[Collection entries]
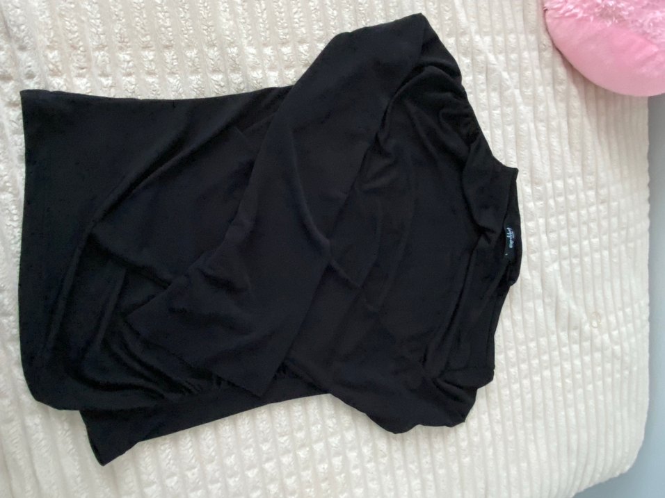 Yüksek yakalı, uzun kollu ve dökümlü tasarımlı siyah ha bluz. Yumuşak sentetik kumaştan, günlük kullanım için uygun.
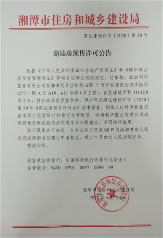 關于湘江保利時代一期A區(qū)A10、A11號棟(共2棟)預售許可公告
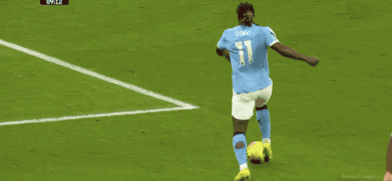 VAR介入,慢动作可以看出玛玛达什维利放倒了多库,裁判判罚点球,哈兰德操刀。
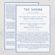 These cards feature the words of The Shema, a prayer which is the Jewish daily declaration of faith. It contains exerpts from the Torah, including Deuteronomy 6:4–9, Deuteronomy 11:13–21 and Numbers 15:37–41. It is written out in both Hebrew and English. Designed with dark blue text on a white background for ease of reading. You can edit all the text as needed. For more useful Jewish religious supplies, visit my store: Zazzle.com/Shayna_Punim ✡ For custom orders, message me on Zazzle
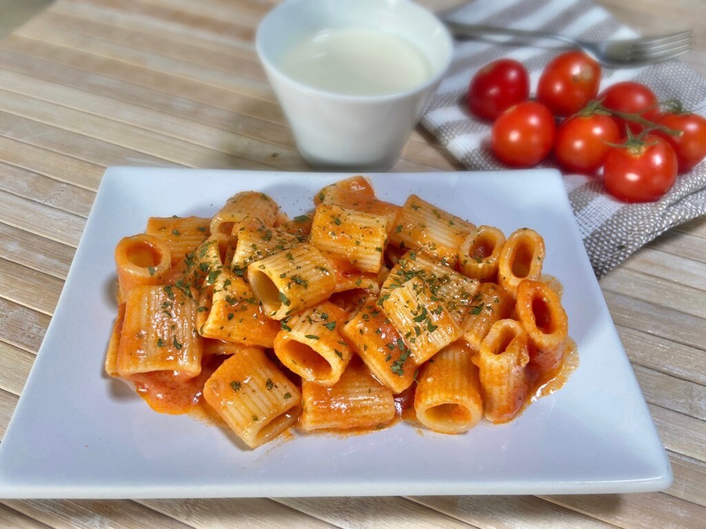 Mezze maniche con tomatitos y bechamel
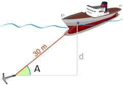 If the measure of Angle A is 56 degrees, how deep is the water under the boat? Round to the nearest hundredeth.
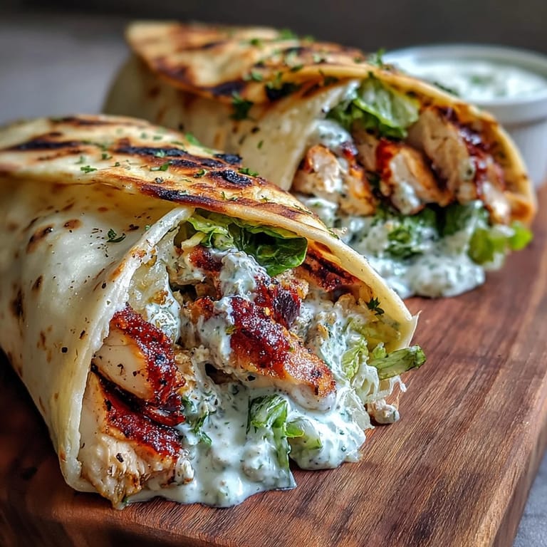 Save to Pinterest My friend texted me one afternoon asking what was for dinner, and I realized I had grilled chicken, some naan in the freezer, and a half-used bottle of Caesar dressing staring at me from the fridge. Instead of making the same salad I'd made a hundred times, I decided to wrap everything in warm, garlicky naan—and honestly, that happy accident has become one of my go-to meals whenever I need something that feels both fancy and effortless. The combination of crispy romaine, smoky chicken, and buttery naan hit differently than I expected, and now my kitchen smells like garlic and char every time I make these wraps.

*Required action*.
Will you set down the records word for word while leaving out every picture?

*Finished exercise*.
 Yüksek yakalı, uzun kollu ve dökümlü tasarımlı siyah ha bluz. Yumuşak sentetik kumaştan, günlük kullanım için uygun.
 關于湘江保利時代一期A區(qū)A10、A11號棟(共2棟)預售許可公告
 VAR介入,慢动作可以看出玛玛达什维利放倒了多库,裁判判罚点球,哈兰德操刀。
 These cards feature the words of The Shema, a prayer which is the Jewish daily declaration of faith. It contains exerpts from the Torah, including Deuteronomy 6:4–9, Deuteronomy 11:13–21 and Numbers 15:37–41. It is written out in both Hebrew and English. Designed with dark blue text on a white background for ease of reading. You can edit all the text as needed. For more useful Jewish religious supplies, visit my store: Zazzle.com/Shayna_Punim ✡ For custom orders, message me on Zazzle
 Mezze maniche con tomatitos y bechamel
 If the measure of Angle A is 56 degrees, how deep is the water under the boat? Round to the nearest hundredeth.
 Save to Pinterest My friend texted me one afternoon asking what was for dinner, and I realized I had grilled chicken, some naan in the freezer, and a half-used bottle of Caesar dressing staring at me from the fridge. Instead of making the same salad I'd made a hundred times, I decided to wrap everything in warm, garlicky naan—and honestly, that happy accident has become one of my go-to meals whenever I need something that feels both fancy and effortless. The combination of crispy romaine, smoky chicken, and buttery naan hit differently than I expected, and now my kitchen smells like garlic and char every time I make these wraps.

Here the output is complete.